We wish to inform you that tomorrow we will be killed with our families - Stories from Rwanda
by Philip Gourevitch
Farrar, Straus
and Giroux
"One death is a tragedy. A million deaths is a statistic."
-Josef Stalin
Within the pages of "We wish to inform you..." author Philip Gourevitch
does his best to reveal the profound human tragedy behind the nearly one million
lives lost in Rwanda's 1994 genocide, an event that has largely (and tragically)
slipped from the memory of the western world.
The author tells the story of a premeditated wave of murder on a scale not
seen since the killing fields of Cambodia, or the human devastation unleashed
during the Holocaust. Gourevitch painstakingly catalogs the events and trends
that led up to the bloodbath, which decimated the ethnic Tutsi population
of Rwanda in the name of the Hutu majority.
"We wish to inform you..." does three important things, and it does
them brilliantly, using clear language spoken from a powerfully moral viewpoint.

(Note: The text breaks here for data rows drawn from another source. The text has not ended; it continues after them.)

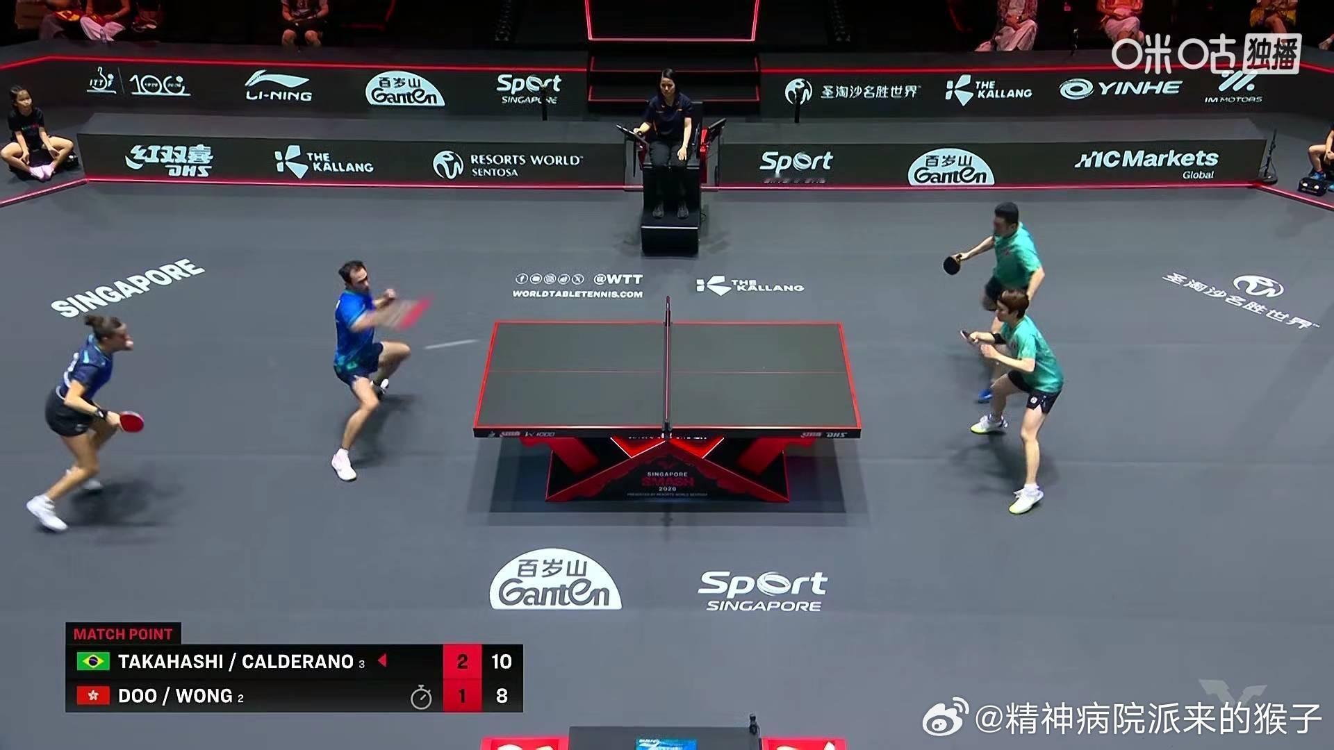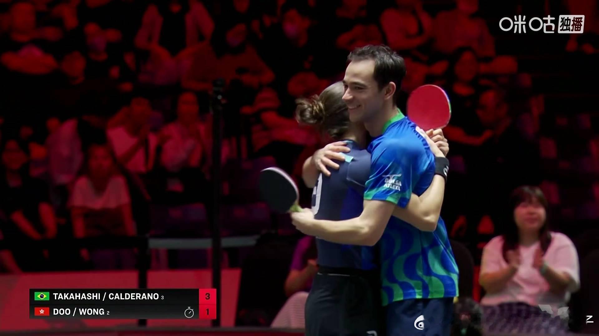 雨果布鲁纳3比1黄镇廷杜凯琹(-9,8,9,8)晋级2026WTT新加坡大满贯混双决赛决赛:雨果布鲁纳🇧🇷VS林钟勋申裕斌🇰🇷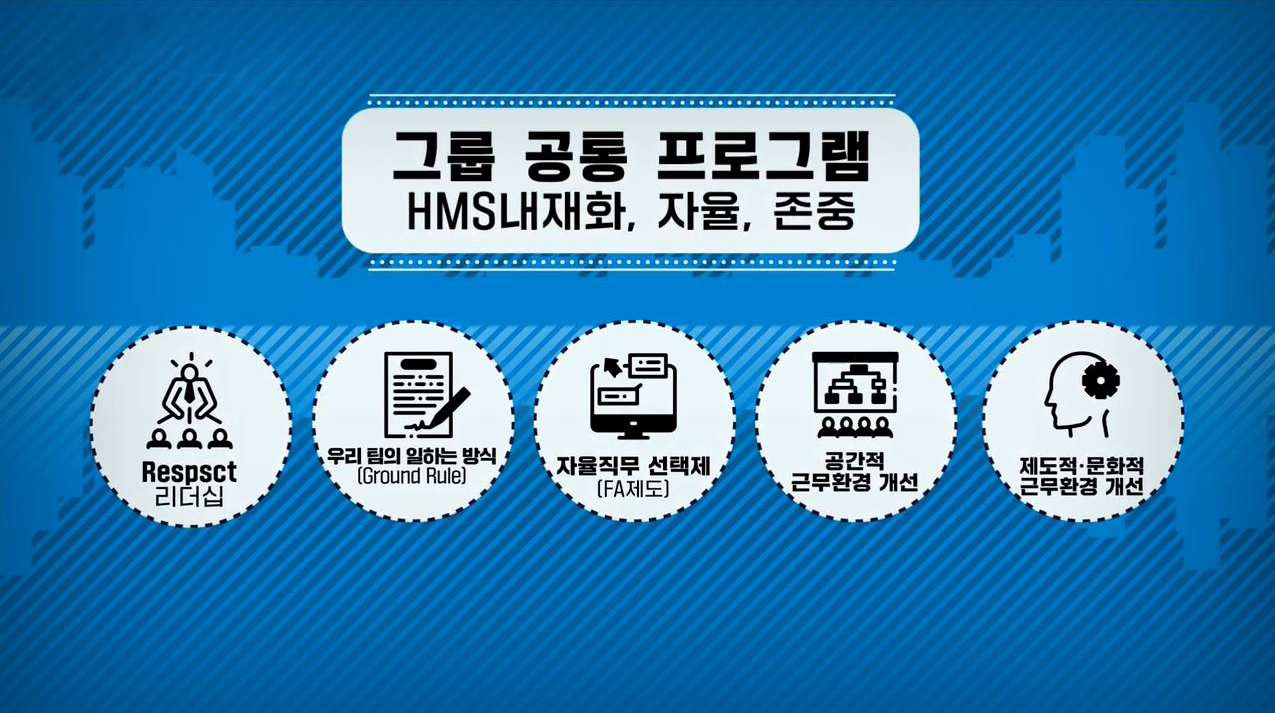 HMS는 한솔이 어떤 역할을 해야 하고 그것을 어떻게 해 나갈지에 대한 대 원칙으로 한솔인 모두가 함께 공감하고, 스스로 판단하고 행동할 수 있도록 방향을 제시해 주는 나침반이라고 할 수 있습니다. 우리는 HMS의 핵심 내용을 바탕으로 다양한 킬러 콘텐츠를 활성화시켜 국가와 산업을 이끌어 갈 최고의 인재를 육성해 갈 것입니다.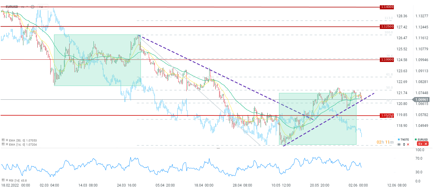 يحتل زوج EURUSD مكانة مهمة ، وتحديداً عند دعم خط الاتجاه الصعودي. و يتداول اليورو مقابل الدولار الأميركي بانخفاض مع ارتفاع حاد في العوائد ، حيث اخترقت عوائد السندات لأجل 10 سنوات 3٪ مرة أخرى وبلغت أعلى مستوياتها منذ شهر ابريل / مايو. ومن المثير للاهتمام ، أنه كانت هناك توقعات متفائلة للغاية فيما يتعلق بقرار البنك المركزي الأوروبي. و يتوقع باركليز زيادة قدرها 25 نقطة أساس في كل اجتماع هذا العام وواحد في العام المقبل. و من ناحية أخرى ، يشير بنك أمريكا إلى 150 نقطة أساس هذا العام ، مع ارتفاعين بمقدار 50 نقطة أساس في شهر يوليو وسبتمبر. و على الرغم من هذه التوقعات المتطرفة ، فإن اليورو ليس قوياً للغاية. و الدولار في حالة هجوم بفضل البيانات الجيدة من سوق العمل ، والتي تظهر أنه على الرغم من بعض علامات التباطؤ ، فإن الاقتصاد صامد بشكل جيد.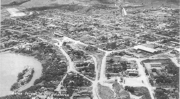 1956 - Ao centro da foto a Rua Peçanha. A direita, a Rua Belo Horizonte e à esquerda a Av. Minas Gerais. Ao fundo a Ilha dos Araújos praticamente desabitada.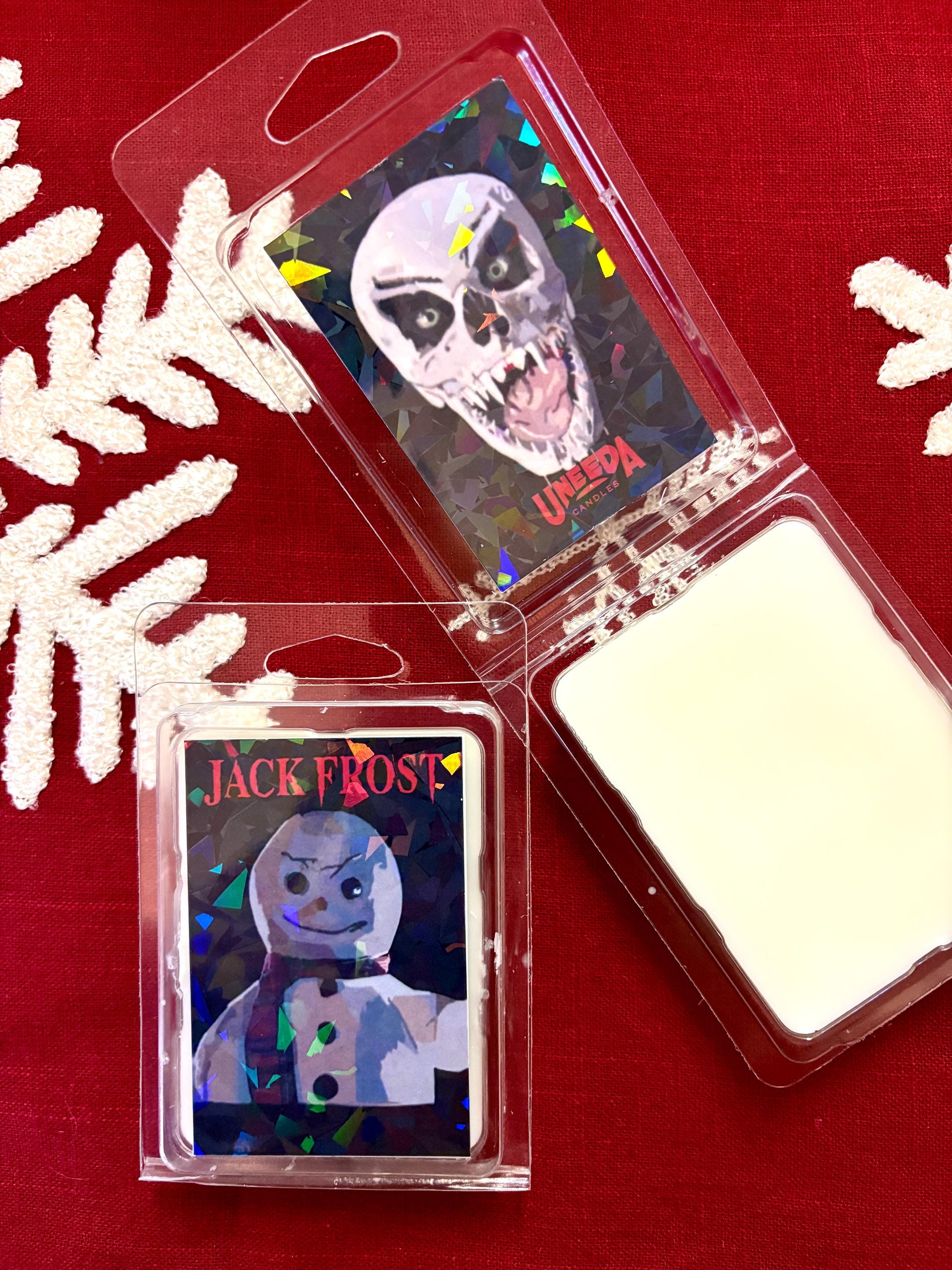 From our holiday collection, our Jack Frost inspired wax melt! Smells like ozone, cypress, and hints of sugar. Comes with a fun holographic finish.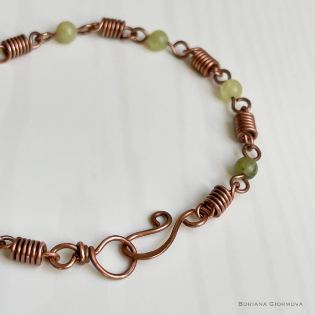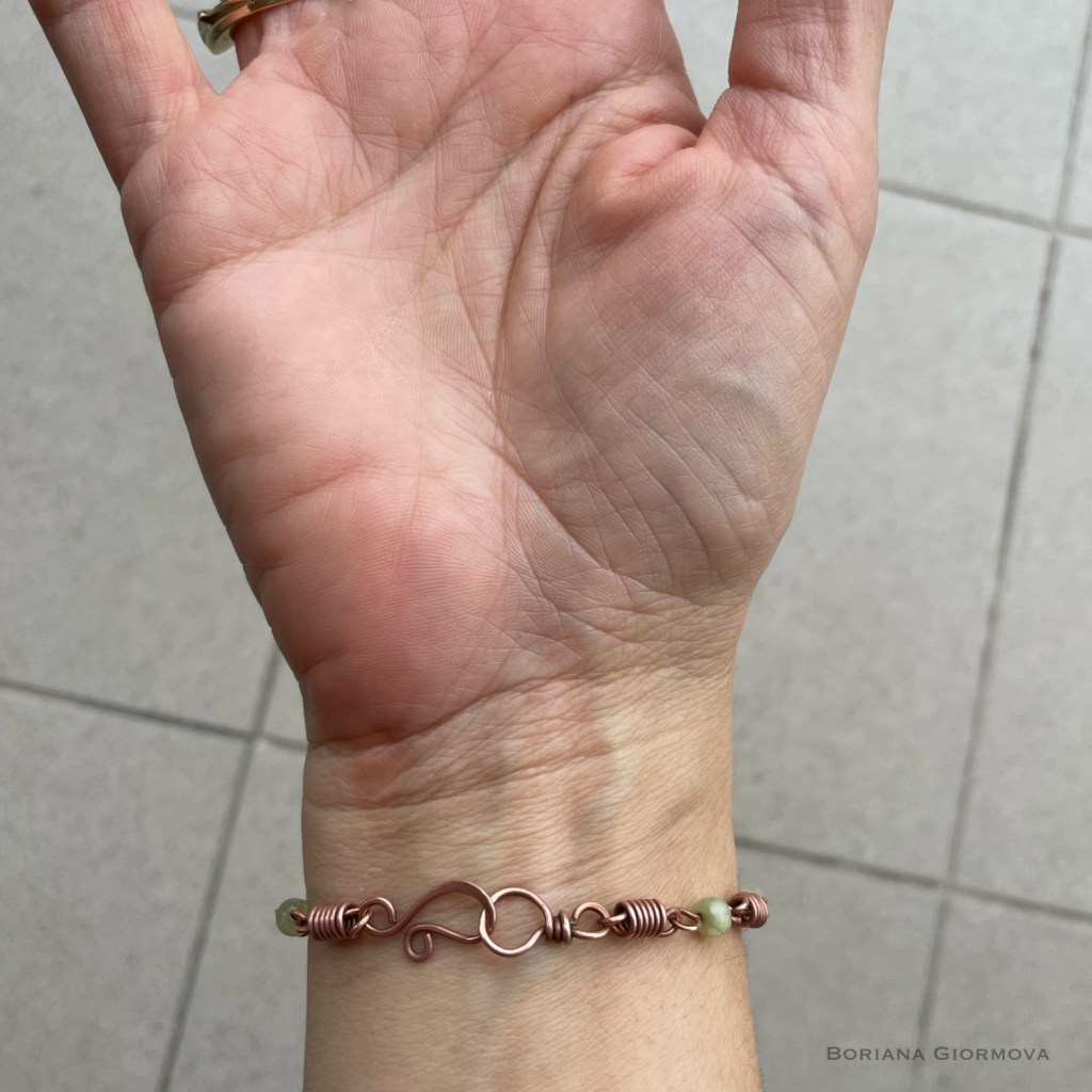 Then, there’s the jadeite. Those little green jadeite beads (4 mm) add a pop of color and some good vibes, too. Jadeite is often associated with peace and balance, so it’s not just pretty – it’s meaningful. The combination of copper and jadeite makes this bracelet feel both simple and special, perfect for wearing every day or dressing up for an occasion.

Firstly, it breaks down the origins of the genocide in clear and understandable
terms, incorporating colonial history, internal African politics, and the
psychology of hatred and mob violence that lead directly to the murders of
800,000 human beings. Secondly, it examines the moral stain left upon the
western powers (particularly France and the United States) by the genocide,
and, finally, it puts a human face on both the killers and their victims,
who were swept away by the savage violence.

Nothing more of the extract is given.